Extract all of the entries and give them again, word for word.

______________________________

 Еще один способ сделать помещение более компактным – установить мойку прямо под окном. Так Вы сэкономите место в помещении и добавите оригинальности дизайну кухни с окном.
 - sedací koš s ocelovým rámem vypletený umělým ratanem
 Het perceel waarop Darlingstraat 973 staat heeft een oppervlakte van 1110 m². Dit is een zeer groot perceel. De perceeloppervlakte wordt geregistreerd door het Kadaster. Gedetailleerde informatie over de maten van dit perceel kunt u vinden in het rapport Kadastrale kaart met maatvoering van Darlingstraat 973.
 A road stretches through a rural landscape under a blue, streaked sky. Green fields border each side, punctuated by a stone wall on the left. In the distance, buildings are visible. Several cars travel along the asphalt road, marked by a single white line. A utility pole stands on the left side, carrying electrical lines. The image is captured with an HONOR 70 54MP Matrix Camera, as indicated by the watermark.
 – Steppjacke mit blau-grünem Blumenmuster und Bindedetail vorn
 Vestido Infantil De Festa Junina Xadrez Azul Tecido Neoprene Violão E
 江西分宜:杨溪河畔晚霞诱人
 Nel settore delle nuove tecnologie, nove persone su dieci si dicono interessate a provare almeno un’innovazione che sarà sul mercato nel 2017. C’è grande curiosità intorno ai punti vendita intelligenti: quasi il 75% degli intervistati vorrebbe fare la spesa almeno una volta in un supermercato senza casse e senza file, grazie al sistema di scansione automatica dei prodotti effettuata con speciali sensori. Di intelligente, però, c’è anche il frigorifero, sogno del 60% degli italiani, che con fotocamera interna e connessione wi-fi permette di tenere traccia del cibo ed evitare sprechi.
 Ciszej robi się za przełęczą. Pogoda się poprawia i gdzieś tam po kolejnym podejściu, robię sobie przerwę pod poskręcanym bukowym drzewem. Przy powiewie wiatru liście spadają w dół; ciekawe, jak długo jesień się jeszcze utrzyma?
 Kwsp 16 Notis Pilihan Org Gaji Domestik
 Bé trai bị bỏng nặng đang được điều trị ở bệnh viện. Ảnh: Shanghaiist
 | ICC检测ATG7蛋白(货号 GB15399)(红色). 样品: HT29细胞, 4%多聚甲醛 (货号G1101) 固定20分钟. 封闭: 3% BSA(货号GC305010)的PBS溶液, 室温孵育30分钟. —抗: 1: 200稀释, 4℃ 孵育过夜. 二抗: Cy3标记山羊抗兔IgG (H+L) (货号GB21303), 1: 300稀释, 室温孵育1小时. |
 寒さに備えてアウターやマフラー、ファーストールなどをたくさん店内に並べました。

______________________________

= ANSWER SECTION =
 Еще один способ сделать помещение более компактным – установить мойку прямо под окном. Так Вы сэкономите место в помещении и добавите оригинальности дизайну кухни с окном.
 - sedací koš s ocelovým rámem vypletený umělým ratanem
 Het perceel waarop Darlingstraat 973 staat heeft een oppervlakte van 1110 m². Dit is een zeer groot perceel. De perceeloppervlakte wordt geregistreerd door het Kadaster. Gedetailleerde informatie over de maten van dit perceel kunt u vinden in het rapport Kadastrale kaart met maatvoering van Darlingstraat 973.
 A road stretches through a rural landscape under a blue, streaked sky. Green fields border each side, punctuated by a stone wall on the left. In the distance, buildings are visible. Several cars travel along the asphalt road, marked by a single white line. A utility pole stands on the left side, carrying electrical lines. The image is captured with an HONOR 70 54MP Matrix Camera, as indicated by the watermark.
 – Steppjacke mit blau-grünem Blumenmuster und Bindedetail vorn
 Vestido Infantil De Festa Junina Xadrez Azul Tecido Neoprene Violão E
 江西分宜:杨溪河畔晚霞诱人
 Nel settore delle nuove tecnologie, nove persone su dieci si dicono interessate a provare almeno un’innovazione che sarà sul mercato nel 2017. C’è grande curiosità intorno ai punti vendita intelligenti: quasi il 75% degli intervistati vorrebbe fare la spesa almeno una volta in un supermercato senza casse e senza file, grazie al sistema di scansione automatica dei prodotti effettuata con speciali sensori. Di intelligente, però, c’è anche il frigorifero, sogno del 60% degli italiani, che con fotocamera interna e connessione wi-fi permette di tenere traccia del cibo ed evitare sprechi.
 Ciszej robi się za przełęczą. Pogoda się poprawia i gdzieś tam po kolejnym podejściu, robię sobie przerwę pod poskręcanym bukowym drzewem. Przy powiewie wiatru liście spadają w dół; ciekawe, jak długo jesień się jeszcze utrzyma?
 Kwsp 16 Notis Pilihan Org Gaji Domestik
 Bé trai bị bỏng nặng đang được điều trị ở bệnh viện. Ảnh: Shanghaiist
 | ICC检测ATG7蛋白(货号 GB15399)(红色). 样品: HT29细胞, 4%多聚甲醛 (货号G1101) 固定20分钟. 封闭: 3% BSA(货号GC305010)的PBS溶液, 室温孵育30分钟. —抗: 1: 200稀释, 4℃ 孵育过夜. 二抗: Cy3标记山羊抗兔IgG (H+L) (货号GB21303), 1: 300稀释, 室温孵育1小时. |
 寒さに備えてアウターやマフラー、ファーストールなどをたくさん店内に並べました。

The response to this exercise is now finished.